It seems that CPU increases have outpaced disk speed for a while. Assuming a desktop or laptop with modern dual core Intel/AMD CPU and a single average SATA disk, would doing compression on most all of the disk give better overall performance? Basically does the reduced disk bandwidth more than make up for the increased CPU load? I'm sure the real answer is "it depends on what you're doing". By asking this question, I'm hoping to have someone who has done this pipe up and give some examples or pitfalls.

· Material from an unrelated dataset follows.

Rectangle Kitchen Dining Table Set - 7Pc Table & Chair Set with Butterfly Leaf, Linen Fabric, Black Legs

  • define performance? As in speed increase or space increase? You probably wouldn't notice any speed increase but would definitely find the spare bytes useful! :-p – Christopher Lightfoot Sep 03 '09 at 10:58

Yes, disk compression can provide better performance under particular circumstances:

  • Your application is disk throughput bound: modern CPUs and (de)compression algorithms can run at much higher bandwidth than modern disks in long transfers. Any reduction at all in the amount of data moving to or from disk platters is a win in this circumstance
  • It takes less time to (de)compress data that's going to disk platters than the difference in transfer times, and you have CPU cycles to spare

There's a reason both ZFS and Btrfs, both recent green-field designs, include provisions for compression.

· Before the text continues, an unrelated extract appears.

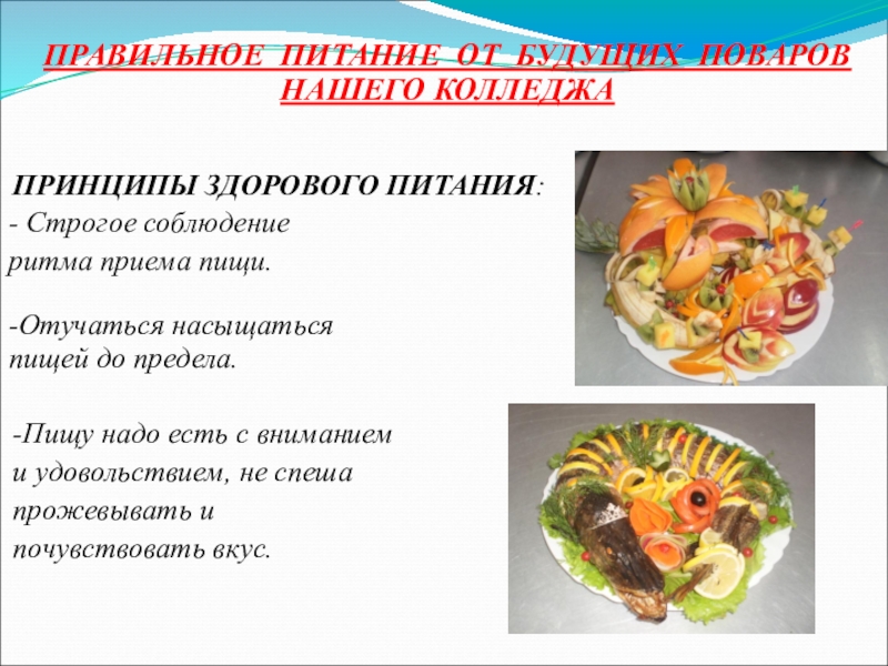 Слайд 32ПРАВИЛЬНОЕ ПИТАНИЕ ОТ БУДУЩИХ ПОВАРОВ НАШЕГО КОЛЛЕДЖА
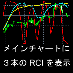 【無料】3本のRCIをMT4のメインウィンドウに表示するインジケーター

In the HPC space, when an application is checkpointing from memory to disk, the CPUs are frequently not doing anything useful at all. This time is essentially pure overhead. Any use of the CPUs to reduce this time is a win.

Phil Miller
  • Media streaming disks are probably the only place where benefits happen as the chunk size is large enough. Standard OS disks will *always take a hit. – Ryaner Sep 03 '09 at 07:44
    Media streaming is *not* a compelling application for storage-system level compression. The data should already be compressed in a much better application-specific format. – Phil Miller Sep 03 '09 at 13:57

Disk compression will never give you better performance.

It may give you almost no penalty due to fast modern CPUs, but that's an entirely different thing.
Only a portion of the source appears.